The Non-classical Properties Of The Nonlinear Circular State And The Quantum Dynamics Of The Nonlinear Trapped Ion

Non-classical properties of quantum states and their preparation has been much attention. By building a new quantum states, people not only analyze their non-classical properties, also produce the quantum states by using interaction of atom or trapped ion with light fields. In this paper, on the basis of previous research, we mainly investigate influence of nonlinear effects on quantum states by using method of theoretical analysis and numerical calculation. The main contents are as follows:The first chapter introduces some non-classical properties of quantum states and quantum state engineering.The second chapter introduces the basic theories and typical models such as Wigner function, criterion of non-classical effects, etc.In the third chapter,we study a new quantum state,namely nonlinear circular state. The nonclassical properties of the state is analyzed such as time evolution of average photon number, sub-Possion distribution, and squeezing effect, and its Wigner functions is calculated. Through numerical analysis, the results show that with increasing of the Lamb-Dicke parameter value and superposition number of quantum states, the average photon number of nonlinear circular state is increased and the sub-Poisson distribution and squeezing effect of nonlinear circular state are both weakened.In the fourth chapter, we study the influence of nonlinear parameters on the cross-correlation function of two vibrational modes of the trapped ion along mutually orthogonal directions.The exact solution of the nonlinear double photons Jaynes-Cummings model which describes the interaction of a single two-dimension three-level trapped ion interacted with two classical standing wave lasers is obtained, and the cross-correlation function of two vibrational modes of the trapped ion is numerically analyzed.
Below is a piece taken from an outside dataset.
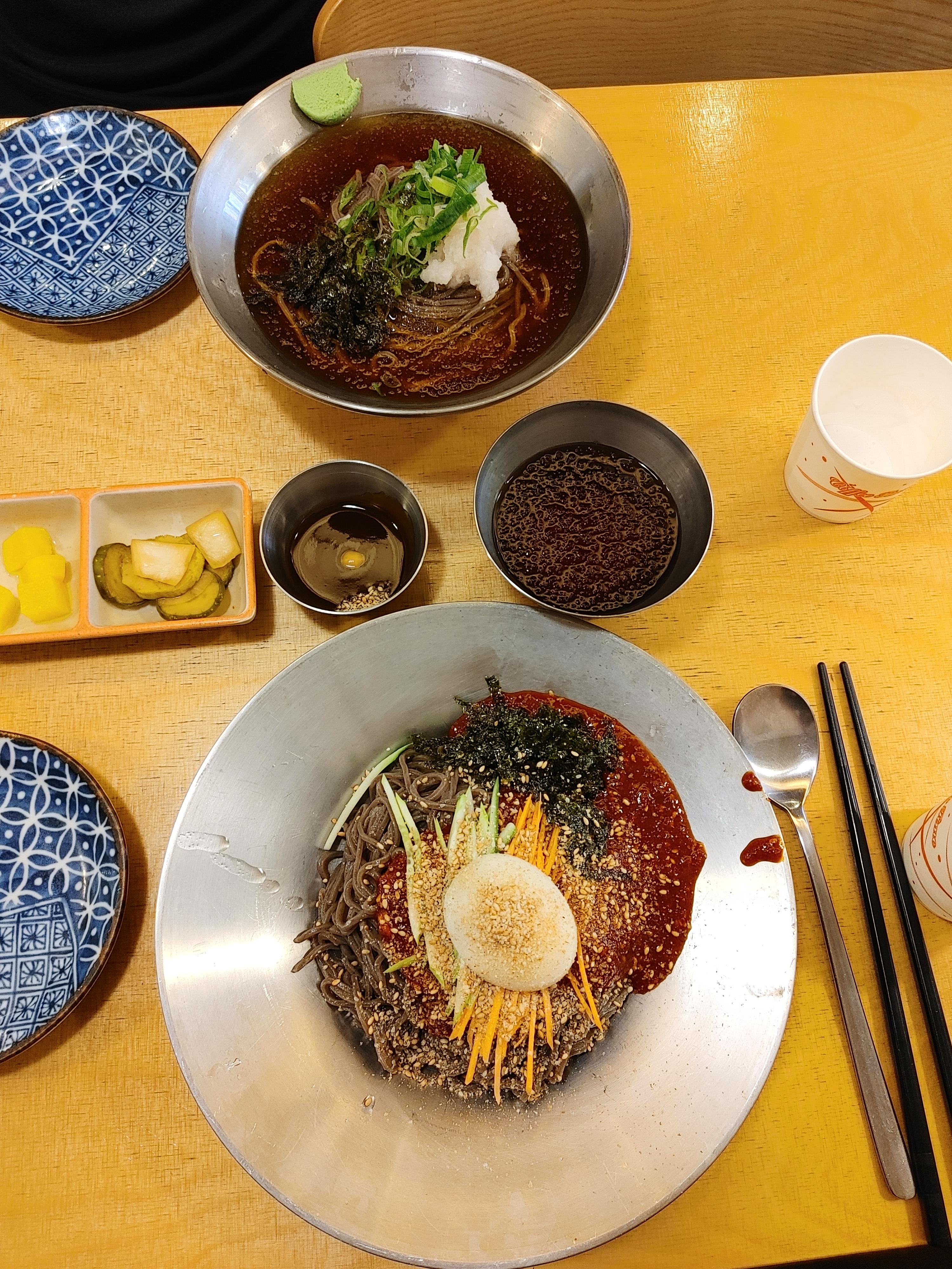 우리는 냉모밀, 비빔모밀, 돈카츠를 주문했다. 단무지와 피클이 기본 반찬으로 나온다.

The results show that for small initial average quantum number of vibrational motion of the trapped ion, the anticorrelated effect is first srenghtened then weakened with increasing of the value of the Lamb-Dicke parameters, but the correlated effect is always srenghtened. The anticorrelated effect will be weakened then disappear increasing of initial average quantum number.The fifth chapter contains summary and outlook of the research work. In the future, I intend to study quantum properties of nonlinear added-photon circular state.